Les pneus sont déposés par un opérateur sur un tapis roulant qui les emporte vers le broyeur, où ils sont tronçonnés. Les fragments arrivent dans un crible à recirculation : ce qui ne franchit pas le crible repart dans les mâchoires de l’engin. Enviropol obtient au final des éléments calibrés et normés de 10 cm maximum, un matériau qui peut être valorisé, notamment dans des tranchées drainantes, ou alors comme matériau de remblai pour des applications notamment en voirie et réseaux divers (VRD). La question des agrégats devient sensible à Tahiti : les pierres utilisées par les travaux publics sont prélevées dans les vallées, et les concessions sont de plus en plus difficiles à obtenir. Plutôt que d’utiliser du basalte, Enviropol propose à la vente ses chips de pneus à petit prix.

Selon Fenua Ma, l’activité va tourner entre 1 400 et 1 700 tonnes de pneus broyées par an pour deux à trois jours de fonctionnement par semaine, afin d’évacuer peu à peu le stock historique mis de côté depuis 2012. Les pneus usés ne représentent « que » 0,5 % du gisement global des déchets, mais les associations savent qu’il y en partout dans la nature, y compris sous l’eau.

TÉMOIGNAGE

WINIKI SAGE, PRÉSIDENT DE LA FÉDÉRATION DES ASSOCIATIONS DE PROTECTION DE L’ENVIRONNEMENT (FAPE-TE ORA NAHO)

Winiki Sage se réjouit de l’arrivée du broyeur, mais s’inquiète que seul un pneu sur quatre arrive au retraitement.
© Damien Grivois
L’arrivée à Tahiti de ce broyeur est une bonne nouvelle, les pneus usés faisaient partie des dossiers jamais résolus. Des milliers de pneus “disparaissent” dans la nature chaque année, depuis des décennies, rien n’ayant été prévu en matière de recyclage. Lors des opérations de nettoyage du lit des rivières ou des lagons, les associations en récupèrent des quantités incroyables. Le tonnage de pneus collectés par Fenua Ma reste très inférieur à ce qu’il devrait être : il faut impliquer davantage les importateurs.

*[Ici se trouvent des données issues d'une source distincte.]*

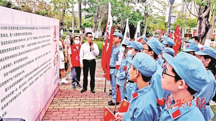 作为本次活动的一大亮点,参观学习环节利用洪浪公园的空间仿制了红军的行军路线,起点为于都,终点为吴起镇,并结合遵义会议、四渡赤水、飞夺泸定桥、过松潘雪山草地、勇夺腊子口五个节点,现场众多党员、青少年模拟重走长征路。每个节点还结合展板展示和讲解,全面呈现长征各个节点的历史背景、战役结果、历史意义等,声情并茂的讲解还吸引了众多市民驻足聆听。
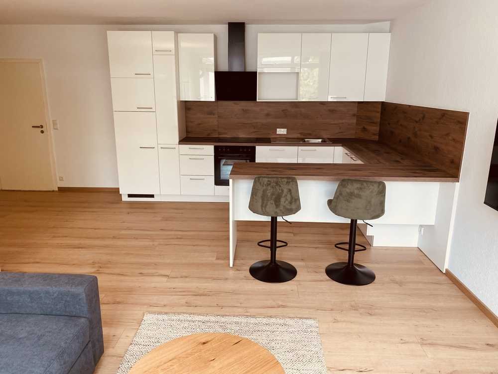 Die Wohnung besticht durch ihre moderne, komplett neue Möblierung und ihre ebenso neue Einbauküche und das frisch sanierte Bad. Zur stilvollen Ausstattung gehören unter anderem ein gemütliches Sofa mit Wohnzimmertisch, ein großes Stauraumbett, ein geräumiger Schwebetürenschrank sowie ein 55-Zoll-Flachbildfernseher. Die offene Küche mit Essgelegenheit bietet viel Stauraum und lädt zum Kochen und Verweilen ein – ideal für alle die ohne großen Aufwand einziehen möchten.
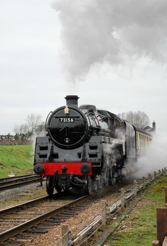 Britiah Railways class 5 No. 73156 gets into it's stride on the Great Central Railway during the their Winter Gala, 24th January 2020.
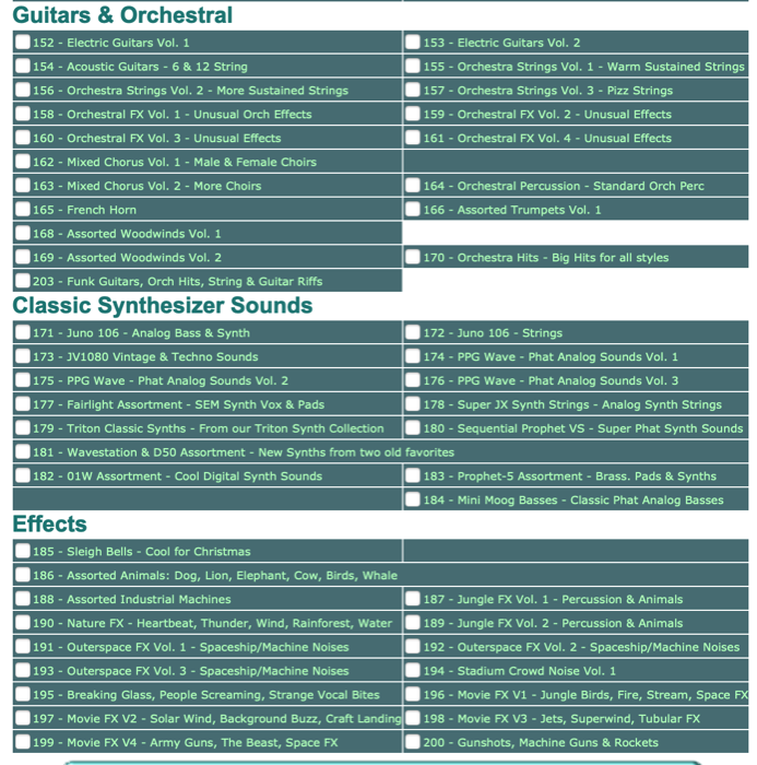 Please Note: Our Akai sounds are now available as "Disk Images" only and delivered by our free "Download Delivery". Please check the above link, which fills you in on exactly how it works. We've tried to provide the sounds on floppy disks for as long as possible. However, I'm sorry to say that we have discontinued delivering libraries on floppy disk. The good news is the disk image files are exactly the same as the floppys and cost much less. You just have to create your own floppys from the images. We provide a app that lets you do that. Or, if you have a USB Floppy Drive Emulator connected to your sampler that replaces the floppy drive, you can save the images to that device and load the sounds from that.
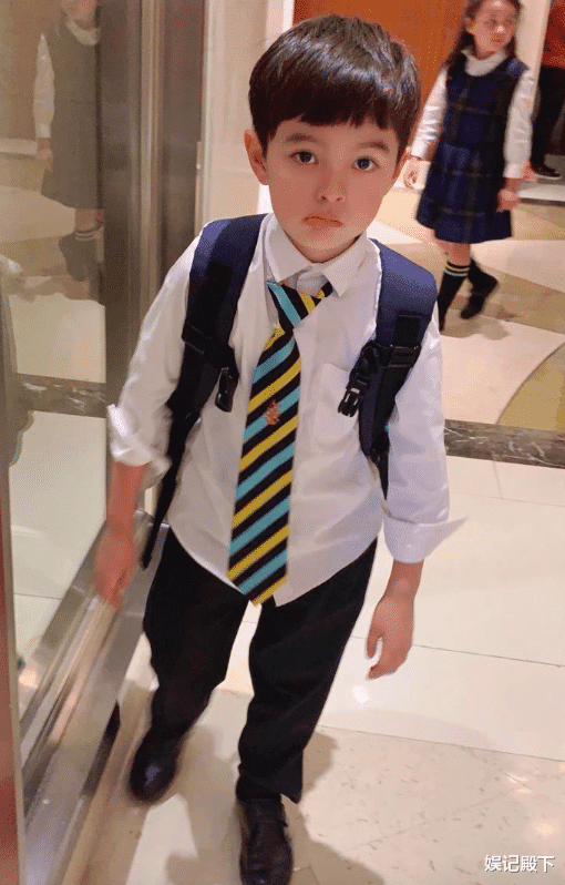而两人的儿子就更帅了,一双大大的眼睛,端正的五官搭配帅气的轮廓,俨然就是一名小帅哥,不论是在发型上还是着装上,小男孩的打扮都既洋气又有范。
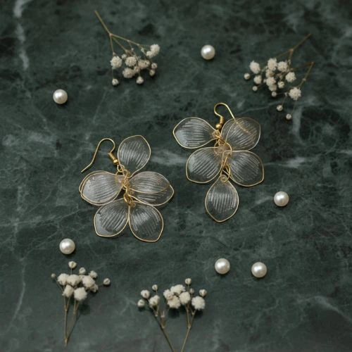 Elevate your accessory game with our Ethereal Blossom Drop Earrings. Designed to mimic the delicate structure of a flower in bloom, these earrings feature shimmering, translucent petals framed in elegant gold-toned wire.
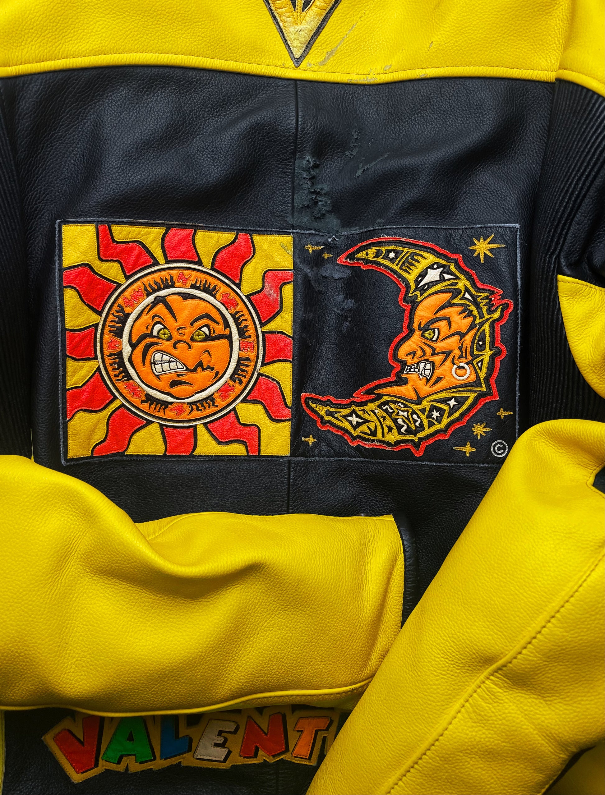 A customized pro model for Italian motorcyclist Valentino Rossi, this jacket was produced in extremely limited quantities for the nine time Grand Prix world champion. With signature number 46 across the front, the jacket features Dainese leather branding on the hips and sleeves. With a sun and moon back graphic, the piece has inevitably been scuffed by wear and real use on a bike. Coming in a size large, here is the opportunity to purchase an incredible piece from Dainese Leather’s high end protective motorcycle gear company.
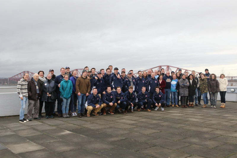 While the previous articles have featured the games and the players on the ice during the United Kingdom tour, this pictorial will focus on the surrounding people, places and activities from the trip. From a group photo at the Firth of Forth, the Kelpies and Stirling Castle on day two, to sightseeing in London on the last day, as well as Hogmanay and sightseeing in Edinburgh and restaurants where the traveling party gathered.
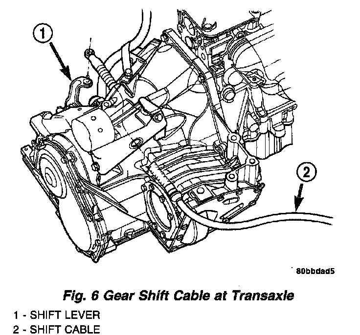 18. Install gear shift cable to bracket and connect to shift lever (Fig. 6).
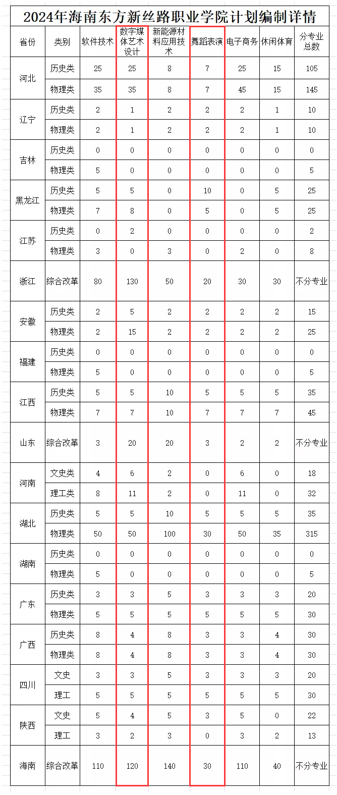 海南东方新丝路职业学院2025年招生计划预计将于6月中下旬公布,本文为大家整理的是海南东方新丝路职业学院2024年艺术类招生计划,主要包含招生专业、各专业招生人数等信息,希望对大家有所帮助,如有变动或异议,请以各省市教育考试院或学校公布的信息为准。
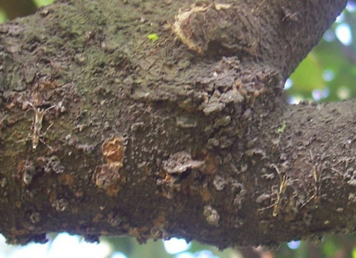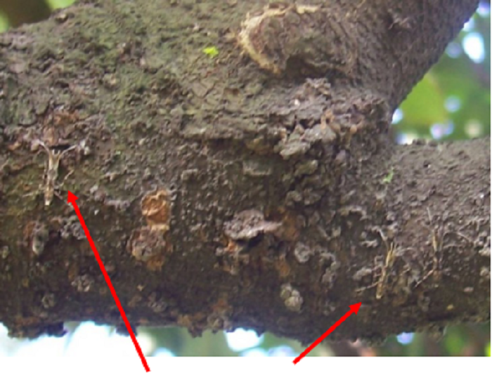 三、檢查藥效,及時進行補藥噴殺。根據成蟲白天棲于陰涼的樹冠內膛枝桿上(如下右圖),受到驚嚇時會飛離枝桿這一特性,可每天清晨到果園進行實地調查,對荔枝內膛的枝桿進行拍打(如下左圖),如發(fā)現還有成蟲飛出,2天后再次噴藥。
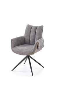 Krzesło K571 w popielatym kolorze to elegancki model z funkcją obracania, który łączy wygodę i nowoczesny wygląd. Tapicerowane miękką tkaniną i osadzone na stalowej podstawie, sprawdzi się w jadalni, salonie lub gabinecie.

Peut-être faudrat-il envisager un autre broyeur destiné aux autres îles que Tahiti ? Si les chips de pneumatiques broyés représentent une alternative aux agrégats, c’est encore mieux, même si ça ne remplacera pas tout.
Nous pensons qu’il faut cesser les extractions dans les lits des rivières, d’autant que pendant longtemps, les tonnages prélevés n’ont pas été contrôlés. La Fape milite pour l’ouverture de vraies carrières. Et peut-être envisager d’inclure une partie de chips de pneus dans le revêtement des routes, ça renforce, paraît-il, leur résistance, adhérence et confort sonore.
Bien que classés « non dangereux », les vieux pneus abandonnés restent un poison pour l’environnement.
© Alain Petit

SEUL UN PNEU SUR QUATRE RÉCUPÉRÉ PAR FENUA MA

Selon l’Institut de la statistique de la Polynésie française (ISPF), Tahiti importe chaque année près de 150 000 pneus rien que pour les véhicules de tourisme, sans compter les pneus déjà montés sur les voitures neuves, qui totalisent a minima 25 000 pneus par an.

L’article L541-2 du Code de l’environnement national stipule que « tout producteur ou détenteur de déchets est responsable de la gestion de ses déchets jusqu’à leur élimination ou valorisation finale, même lorsque le déchet est transféré à des fins de traitement à un tiers. Tout producteur ou détenteur de déchets s’assure que la personne à qui il les remet est autorisée à les prendre en charge. »

Lors de chaque opération de nettoyage, le même constat : on retrouve des pneus usés partout.
© JMM

Le Pays, adhérent au syndicat Fenua Ma au titre de sa compétence sur les déchets toxiques et spécifiques (piles, batteries, huiles, médicaments, carcasses de voitures, déchets électroniques, fusées de détresse, etc.), a voulu résoudre le problème.

Après une première consultation demeurée infructueuse en 2017 « en raison de réponses financières trop élevées », Fenua Ma a lancé un nouvel appel d’offres remporté par Enviropol. Les pneus usés sont en principe collectés lors de leur remplacement, puis envoyés chez Fenua Ma. En réalité, le syndicat récupère aujourd’hui au mieux 25 % des pneus des seuls véhicules de tourisme.